Затаив дыхание, слушал Васильцов Перегудова и от возбуждения переломал целую коробку спичек.
– Эй, эй! – остановил его Перегудов. – Ты что же это? Спички у нас на вес золота, а ты их, словно фрицев, крошишь.
Васильцов по-мальчишески густо покраснел и поспешно собрал обломки спичек с уцелевшими головками.
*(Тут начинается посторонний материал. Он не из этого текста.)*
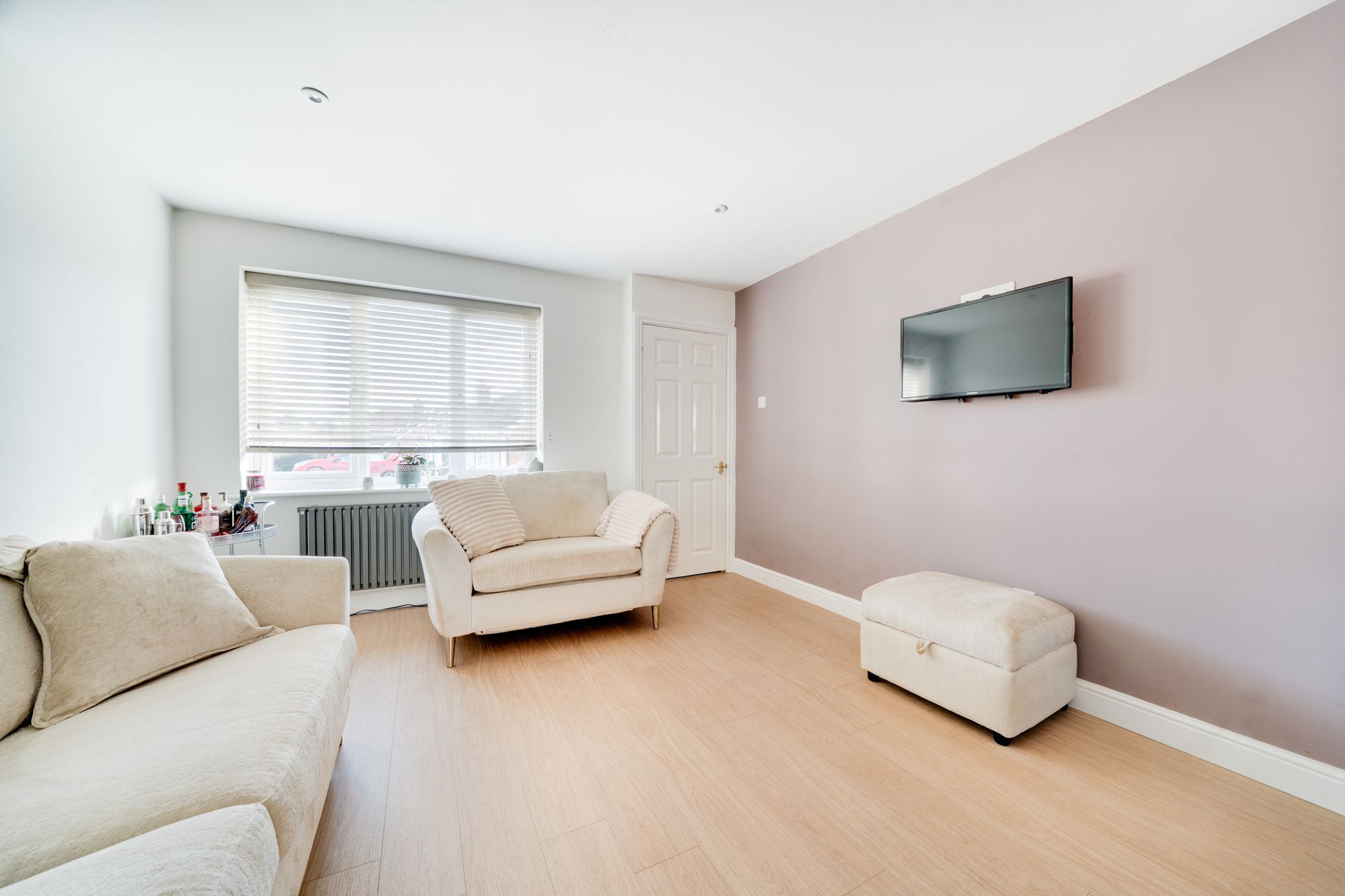 A small entrance porch opens into a bright and welcoming open-plan sitting and dining room. This spacious reception area offers ample room for both comfortable seating and dining, with a large window to the front allowing plenty of natural light. There is also useful under-stairs storage.

– Ну, ладно, – миролюбиво сказал Перегудов, – скоро всего будет вволю, а не только спичек. Так вот, – развернул он карту, – на операцию приказано вывести всех партизан. Охрану лагеря поручим тем больным и раненым, которые способны владеть оружием. А впрочем за лагерь опасения напрасны. Фрицам сейчас не до нас, их с фронта так жмут, что только треск стоит. Так вот, идем на подрыв вот этих участков.
Как и всегда, принимая решение, Перегудов то и дело спрашивал Васильцова, думал, вновь советовался и, выбрав лучший вариант действий неизменно восклицал:
– Подписано! Точка!
– А теперь вот что, – поставив очередную «точку», в раздумье сказал Перегудов, – помимо участков железнодорожного полотна нам приказано уничтожить еще один объект. Это мост, да собственно не мост, а мостик на перекрестке большака и железной дороги. С виду объект не больно важен, но роль его сейчас очень велика. Его уничтожение закупоривает сразу две дороги. Вся беда в том, что подобраться к нему трудно и сделать это может не всякий. Тут нужна и голова светлая и отвага безграничная.
– Кленов, Артем, – сказал Васильцов.
– И я так думал. Этот справится. И группа у него надежная.
– Вот только, – болезненно морщась, с трудом проговорил Васильцов, – только вот Нина… После столь тяжелой работы в Орле она еще не совсем оправилась.
– Верно, – всей грудью вздохнул Перегудов, – думал я о ней. Жалко. Но она хорошо знает немецкий язык, а группе Кленова наверняка придется с немцами столкнуться. Да и другое, – увереннее продолжал Перегудов, – если вся группа Кленова пойдет, а она останется, то это смертельно обидит ее. Она же, сам знаешь, какая.
– Да, – согласился Васильцов, – придется посылать.
* * *
Перегудов и Васильцов, не глядя друг на друга, сидели в шалаше и уже второй час молчали.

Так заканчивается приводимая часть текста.